__Work instructions__
Return the lines that run from the line containing "公式(6)可以用于計(jì)算一塊FR4板的特征阻抗。" through the end of the entries, both ends included. Leave out all pictures.

Top of Records for this task

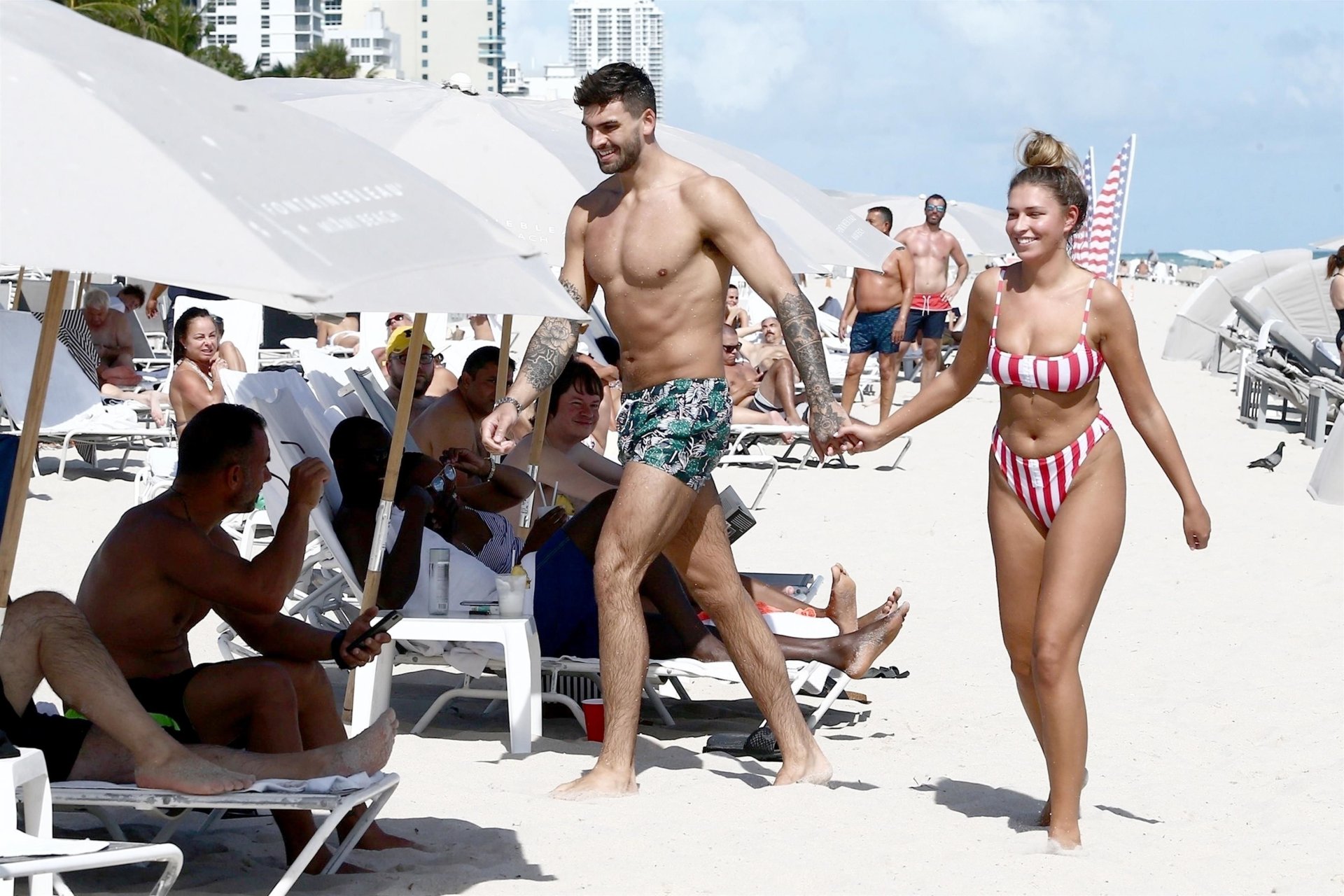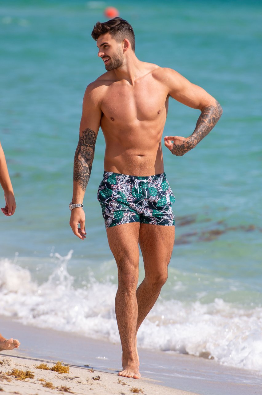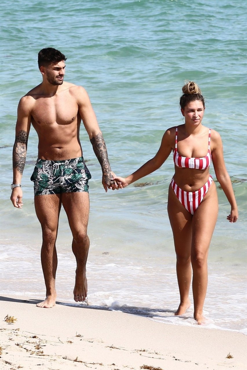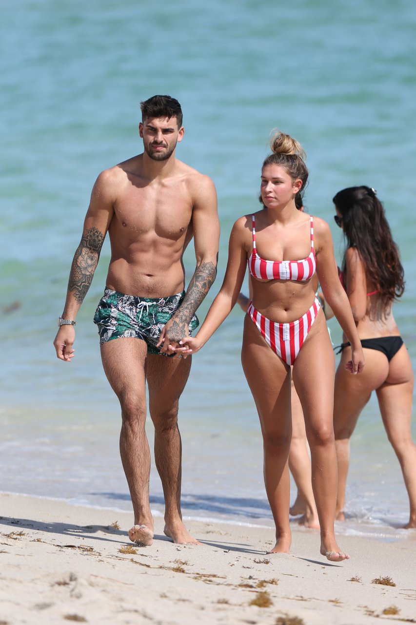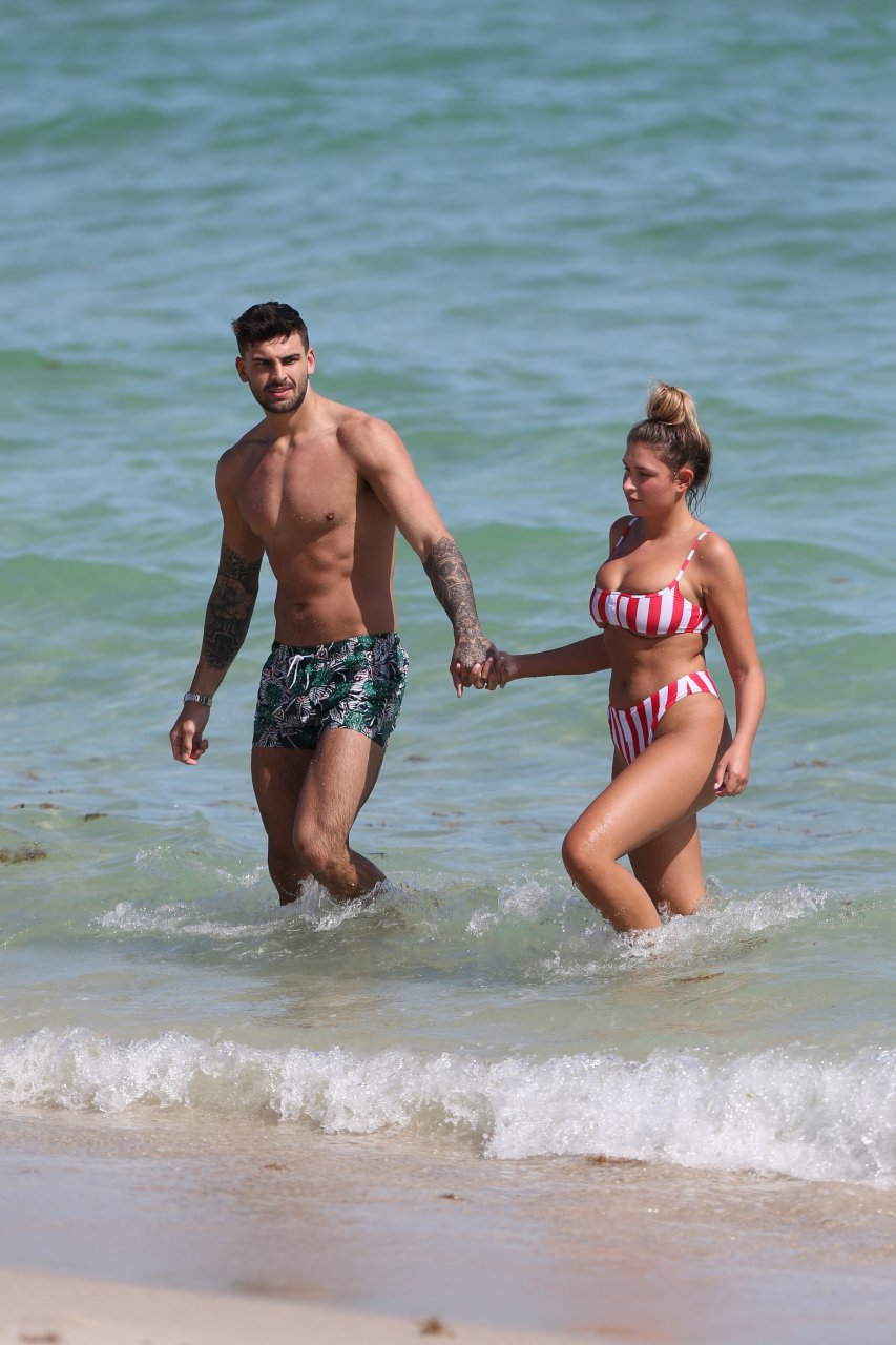 Love Island’s Zara McDermott y Adam Collard muestran sus cuerpos en la playa mientras disfrutan de su primer día en la playa en Miami, 11/06/2018.
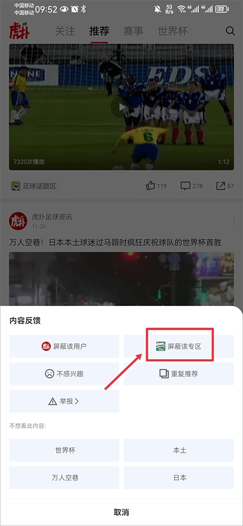 之后会出现一个内容反馈页面,最后点击屏蔽该专区就可以了。
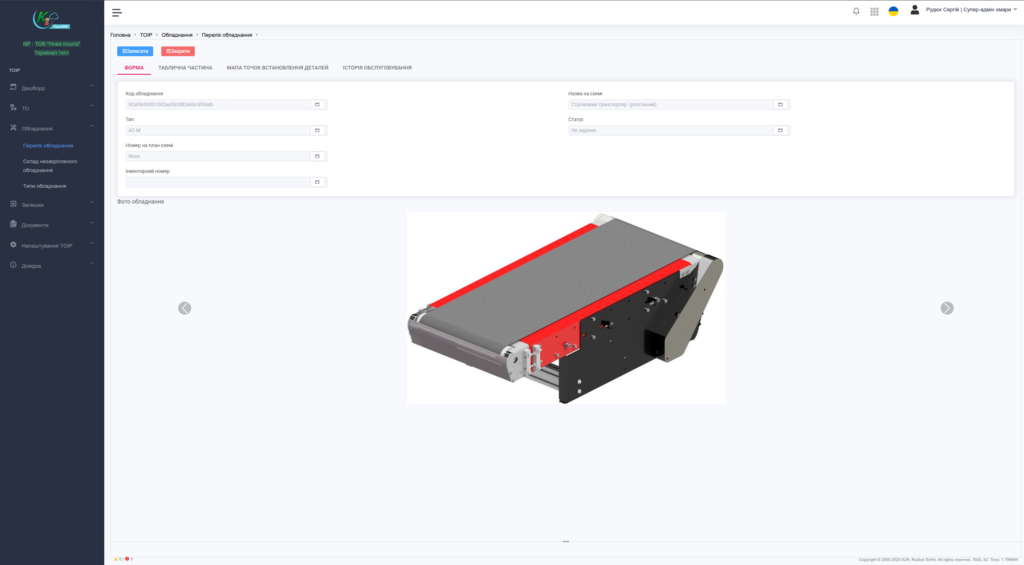 - Картка обладнання з 3D-рендером
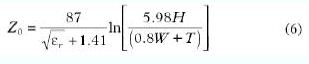 公式(6)可以用于計(jì)算一塊FR4板的特征阻抗。
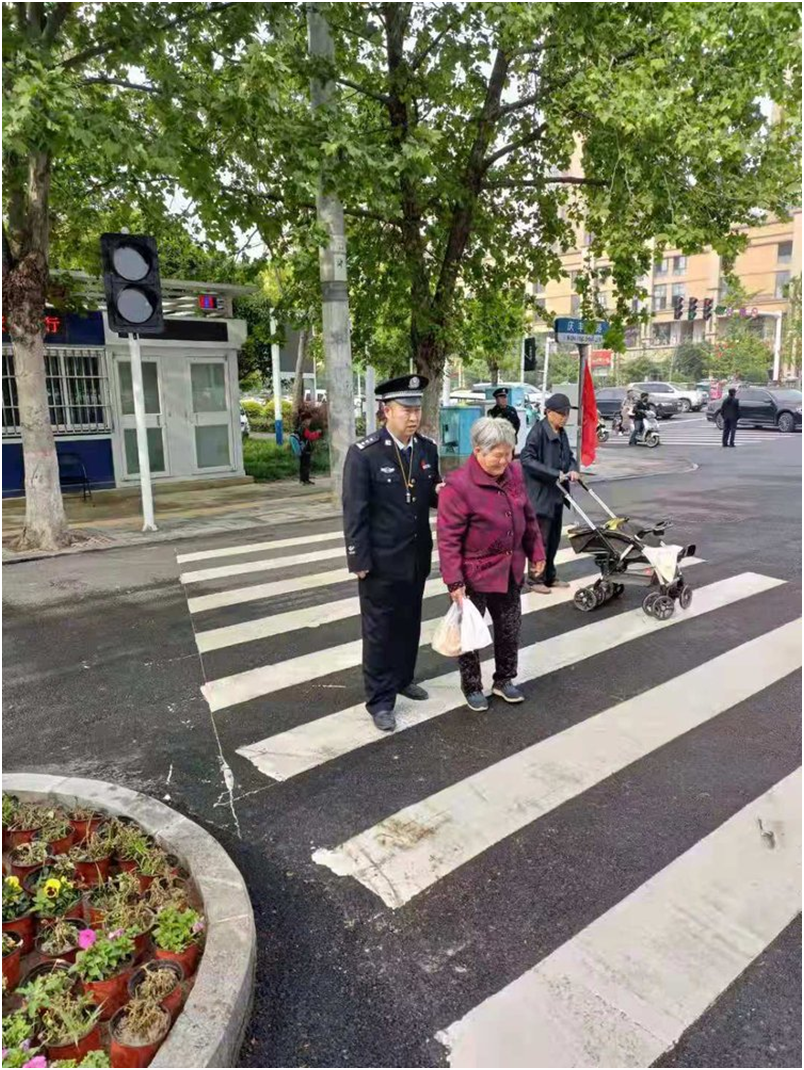4月25日下午,細(xì)雨霏霏,示范區(qū)公安分局黨委委員、副局長(zhǎng)劉峰和執(zhí)勤民警楊勇按照要求,在慶豐路和中原路交叉口紅綠燈處執(zhí)勤時(shí),發(fā)現(xiàn)一位70多歲的老人步履蹣跚地往馬路對(duì)面走,由于步行速度較慢、紅綠燈時(shí)間短,她的步伐明顯有些不穩(wěn)。

Bottom of Records for this task

__Solution below__
 公式(6)可以用于計(jì)算一塊FR4板的特征阻抗。
4月25日下午,細(xì)雨霏霏,示范區(qū)公安分局黨委委員、副局長(zhǎng)劉峰和執(zhí)勤民警楊勇按照要求,在慶豐路和中原路交叉口紅綠燈處執(zhí)勤時(shí),發(fā)現(xiàn)一位70多歲的老人步履蹣跚地往馬路對(duì)面走,由于步行速度較慢、紅綠燈時(shí)間短,她的步伐明顯有些不穩(wěn)。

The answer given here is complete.